Injective has introduced a new CLI skill that allows network interaction via AI agents directly in the terminal. Developers can use the tool to query chain data, send transactions, manage keys, and perform other on-chain tasks from the terminal.
The new skill will target developers who are creating dApps, automation tools, and other infrastructure on Injective. It gives them a simpler way to handle routine blockchain tasks without stopping to search for commands each time.
The process begins with setting up the Injective CLI for local use. From there, developers can point the tool to their preferred network configuration and use the CLI for queries, transactions, and key management. Injective provides default endpoints for both mainnet and testnet, together with the chain IDs used for each network. That gives builders a fixed structure for integrating the CLI into repeatable agent-driven tasks.

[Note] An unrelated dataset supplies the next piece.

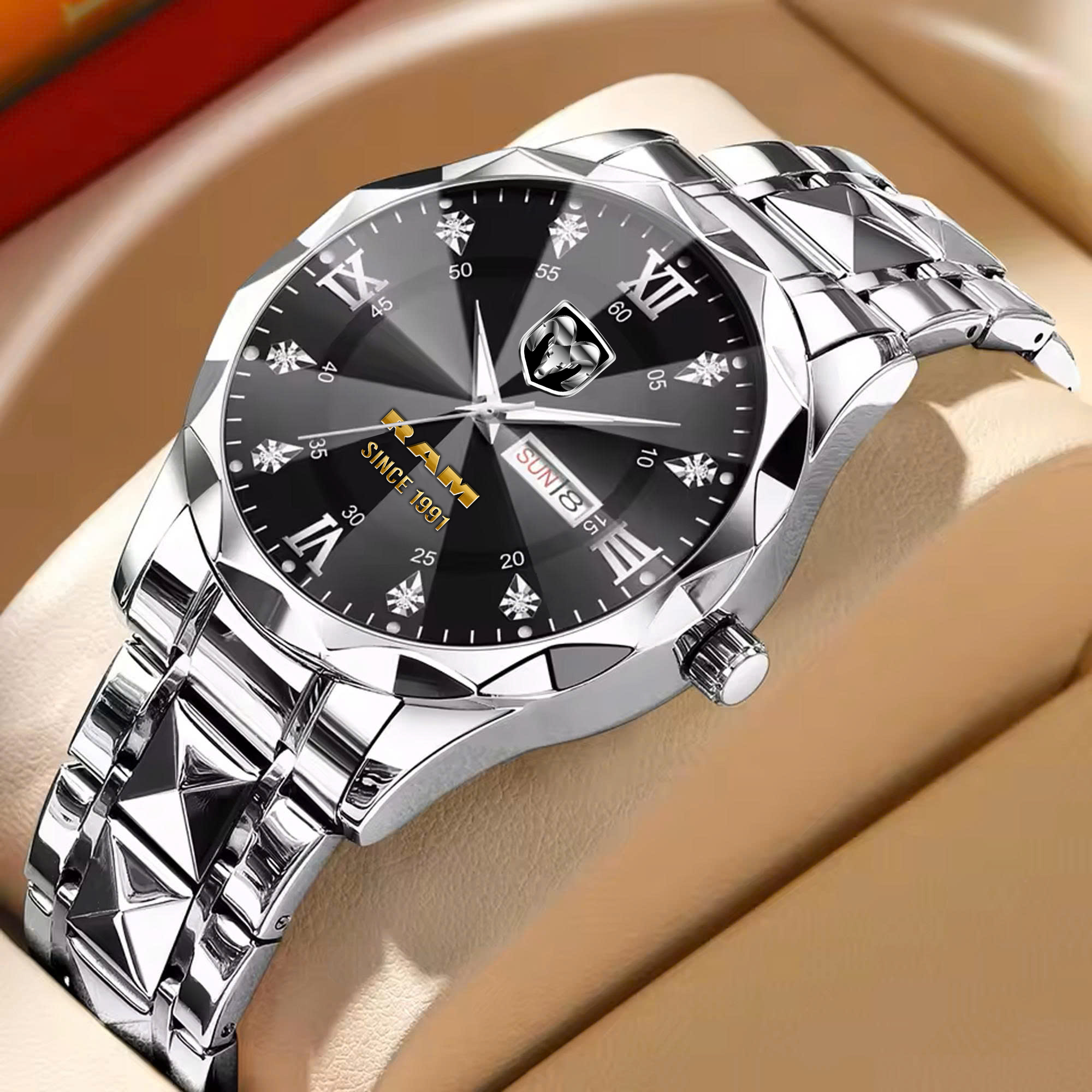 With the launch of the exclusive Made-to-Order service, you can make your watch unique by having your special Dodge Ram Emblem printed on the watch. Elevate your style with our custom watches featuring your favorite car logo. Meticulously crafted for durability and water resistance, these watches are the perfect item for daily use. Discover the ultimate combination of luxury, utility, and personalization!

Also, the release standardizes wallet and client behavior. The network stores configuration files and key material in a local home directory unless a user selects a different path. It reads endpoint and chain ID values from the local client configuration file, which helps keep terminal activity aligned with the selected environment.
Late last month, Injective launched a new Build page that brings together code examples, video tutorials, technical guides, AI coding resources, and developer toolkits in one place. CNF reported that the update helps teams build onchain economies faster while using Injective’s Layer 1 infrastructure.
Injective uses a passphrase-protected file keyring by default, which adds a layer of security for wallet access. It also limits the waiting time for key-related actions, so terminal sessions do not stall during passphrase prompts. For local testing, users can choose a backend that removes passphrase prompts, although that option is intended for temporary workflows rather than secure production use.
For transaction handling, the update recommends automatic gas estimation, a gas adjustment multiplier, and a defined gas price. The tool also lets users bypass manual confirmation when submitting transactions.
After submission, the transaction status can be checked through a follow-up query using the transaction hash, which keeps execution and verification within the same CLI workflow. For Ledger-based transactions, Injective provides a dedicated signing format for hardware wallet users.
The new CLI skill expands Injective’s developer tooling as the network continues to build around AI-linked blockchain use cases. With this release, developers gain a more direct way to connect terminal commands, automation, and onchain execution in a single workflow.
Previously, we covered that Korea University launched an enterprise validator on Injective through its Blockchain Research Institute, with 369,809 INJ staked at launch.
Over the last 24 hours, INJ price rose 1.57% to $3.05 after climbing above $3.12 during the previous session, then fell slightly. Trading volume also increased 12.76% to $63.04 million, pointing to stronger market activity.